Its décor was designed by Tracy Lynch, the creative director of Nando’s design programme, with bold colours offset by areas that expose the original stonework. “The brief was to build a world-class facility that’s really amazing and will attract the right profile of people,” Lance says. “But at the same time we’ve kept the patina and the feel of the old walls, we haven’t tried to make it glossy and shiny. Constitution Hill is almost a sacred site, and you feel that when you work here. You’ve got the Constitutional Court just over the ramparts, and 20m away is where Mandela and Ghandi were imprisoned. It keeps me up at night sometimes – you feel the weight of the responsibility to do the right thing and not mess it up because it’s such a precious thing.”

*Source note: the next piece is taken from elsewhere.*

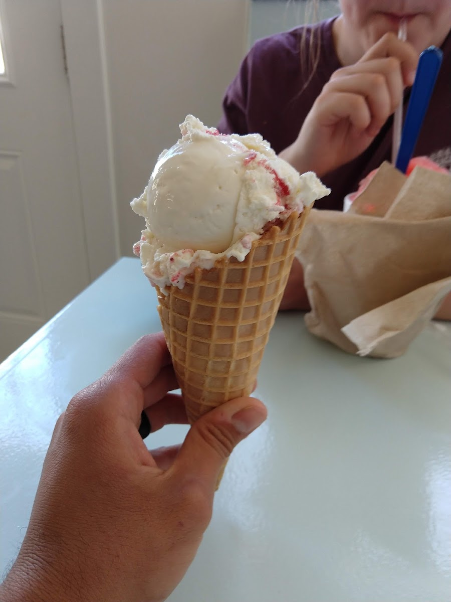 Had two scoops of strawberry cheesecake and two scoops of coconut flavored ice cream in a cup. Thing is the nice young lady kept scooping up the ice cream until it looked like a delicious pile of mashed potatoes. That earned her a tip. All seating is outdoors and people basically eat and leave so there is always seating. We walked over but everyone else tried cramming their cars into the little paved parking lot. Next to it they have a big beautiful gravel parking lot for the overflow. Try it!!

Lance himself is a former head of artists and repertoire at Sony Music Africa and a director of the Bassline Jazz Club in Newtown. Then he started consulting to help brands develop their musical strategies. “Music is a very powerful marketing tool that everybody wants to harness to sell their products, so I started working with Nando’s on its music strategy about seven years ago,” he says.
The studios include a large room for rehearsals or for recording in, with enough space for a choir or an orchestra. It’s also being used for recording podcasts, TV shows or hosting events, to expand Flame into a multi-purpose centre.
The Green Room is a lounge for hanging out, with coffee and a bar fridge, and facilities to play back the recordings. There’s a small vocal booth, a control room with impressive mixing desks, and the Red Room, the main recording studio with a drum kit, keyboards and guitars waiting to be used.
Soon they could be played by students from the National School of the Arts, which doesn’t have recording facilities for youngsters aiming for a career in music or the theatre. The nearby Wits University only has a small recording studio, so music students who need to learn how to record could do that here.
It’s a big step in the overall mission of bringing Constitution Hill to life as a creative hub. “This is a unique opportunity to reshape the narrative of this space, and also of the industry and maybe even the psyche of the country,” Lance says. “It’s a cliché, but music is the universal language. It could be a much more powerful tool for social cohesion.”